Matsui is a home run hitter who is flirting with his league's Triple Crown, and he's decided to try his luck on these shores next year. A good source of mine who foretold of Ichiro Suzuki's arrival here says "Godzilla" so much wants to play for the Yankees that he'll sign for less than he might get elsewhere. The group of Japanese men who were talking about that development were reporters on assignment here from the Yomiuri Shimbun, the newspaper that owns Matsui's current team, the Tokyo Giants.

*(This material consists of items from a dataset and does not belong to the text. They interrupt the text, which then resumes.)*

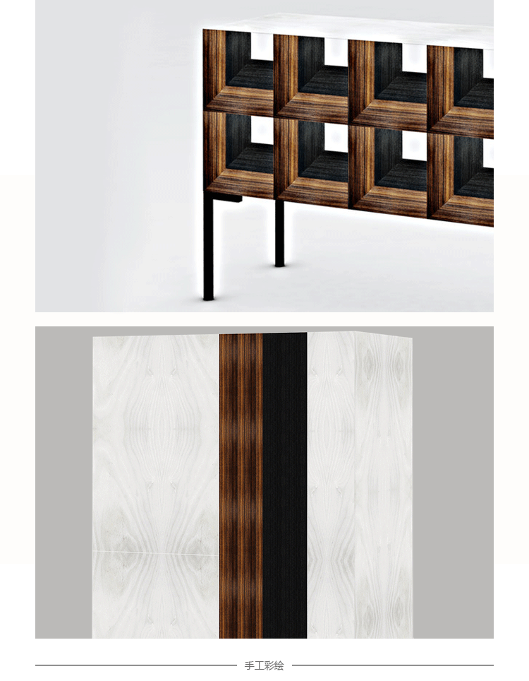 专家木大师精心设计这一块,一个精致的木装饰重建三维光学错觉。 树林里使用乌木、紫木香木材,木灰和增白桑托斯在内部块珍贵的红木。 拉长了一下铁腿黑色不透明涂饰剂完成这个引人注目的对象,为任何空间带来了永恒的魅力.
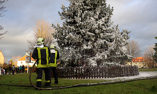 15 Uhr erklang am Freitag, 29. November, das erste Weihnachtslied vor dem Rathaus Leuna. Gespielt in diesem Jahr von den Kranzberger Musikanten aus Querfurt. Bürgermeisterin Dr. Dietlind Hagenau hob traditionell zur Eröffnungsrede an, als ein Feuerwehrlöschfahrzeug direkt auf den Markt zusteuerte. „Was mag da bloß passiert sein?“ dachte nicht nur der ein oder andere Besucher, auch die Bürgermeisterin wähnte die Kameraden der Freiwillen Feuerwehr Leuna im Einsatz. Zum Erstaunen aller hielt das Feuerwehrauto direkt zwischen Bühne und Weihnachtsbaum. Zügig rollten die Kameraden die Schläuche aus. Erleichtert und begeistert schauten die Weihnachtsmarktbesucher zu, wie es in Leuna direkt über dem Weihnachtsbaum zu schneien begann. Die Kameraden der Freiwilligen Feuerwehr berieselten den Baum mit Löschschaum und sorgten somit in freiwilligem Einsatz für einen winterlichen Anblick. Der Schaum ist natürlich biologisch abbaubar und sehr gut umweltverträglich.
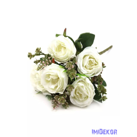 Tedd fel kérdésed a(z) Rózsa 5 fejes csokor kiegészítőkkel 30 cm - Törtfehér termékről!
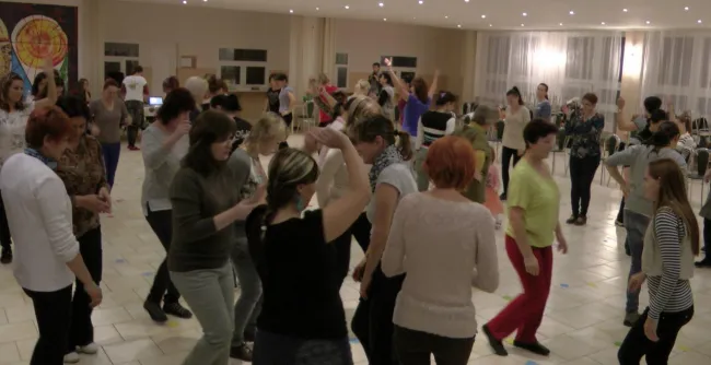 Ezeket a segédanyagokat a pedagógusok megvásárolhatták a foglalkozás után. Az eredmény szempontjából fontos, hogy a közös mozgásban, énekben felfedezzék a gyermekek az örömöt. A négyórás képzés remek hangulatban telt, s játék közben tanulhattuk meg a néptánc alaplépéseit. Ezeket a népi játékokat biztos vagyok benne, hogy a magyar alapiskola tanóráiba is integrálni fogják Tornalján, hiszen ennek segítségével rengeteg örömet adhatunk a felvidéki magyar gyermekek számára. A képzést a lelkes és mosolygós Bárdos Zsuzsa tartotta a felvidéki pedagógusoknak, akivel volt szerencsém egy rövid interjút is készíteni, amely a galériában lesz megtekinthető.
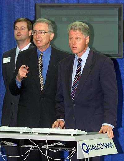 ![]() | WHITEVILLE President Bill Clinton (r.) en de directeur van Remote Data Systems Bill Fink (l.) kijken naar een internetpresentatie tijdens een bezoek van Clinton aan het bedrijf in Whiteville. De president van de VS laat zich informeren over het belang van internet voor verafgelegen landbouwgebieden.
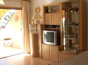 Die Wohnung hat ein Schlafzimmer mit Doppelbet, das Bett ist mit zwei getrennten Matrazen und deutsche Maße. Der Wohnraum ist mit offener, gut ausgestatteter Küche, ausklappbarem Schlafsofa und natürlich auch Sat/TV mit deutschen Programmen bestückt.
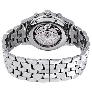Stainless steel case with a stainless steel bracelet. Fixed stainless steel bezel. Black dial with silver-tone hands and index hour markers. Minute markers around the outer rim. Dial Type: Analog. Day of the week and date display at the 3 o'clock position. Chronograph - three sub-dials displaying: 60 second, 30 minute and 12 hours. Automatic movement. Scratch resistant sapphire crystal. Pull / push crown. Transparent case back. Round case shape. Case size: 38 mm. Case thickness: 15 mm. Band width: 18 mm. Band length: 8 inches. Double fold over clasp. Water resistant at 50 meters / 165 feet. Functions: chronograph, date, day, hour, minute, second. Casual watch style. Hamilton Linwood Chronograph Automatic Black Dial Men's Watch H18516131.
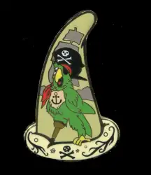 Peg Leg Pirate Parrot is a Limited Edition (LE) 250 pin from the Sorcerer Hats Mystery Pin Collection - Pirates of the Caribbean pin series. It was originally released on , 2011 and was available from Walt Disney Imagineering .

I met them at Yankee Stadium the other night, and they spoke both Japanese and English, the latter with no evident accent. They were asking if Matsui will have "enough power" to succeed in the United States, and if under the new labor-management deal, the Yankees will still have enough spendable money to "make it happen."

You haven't heard about any of this, yet. That's partly because Eunice Stone wasn't sitting at the next table, and partly because we long ago stopped thinking every Japanese was evil enough to fly a plane into an American target -- or was dumb enough to hash it out in English.

By Keith Olbermann

Salon columnist Keith Olbermann hosts the ABC Radio Network's "Speaking of Sports ... Speaking of Everything."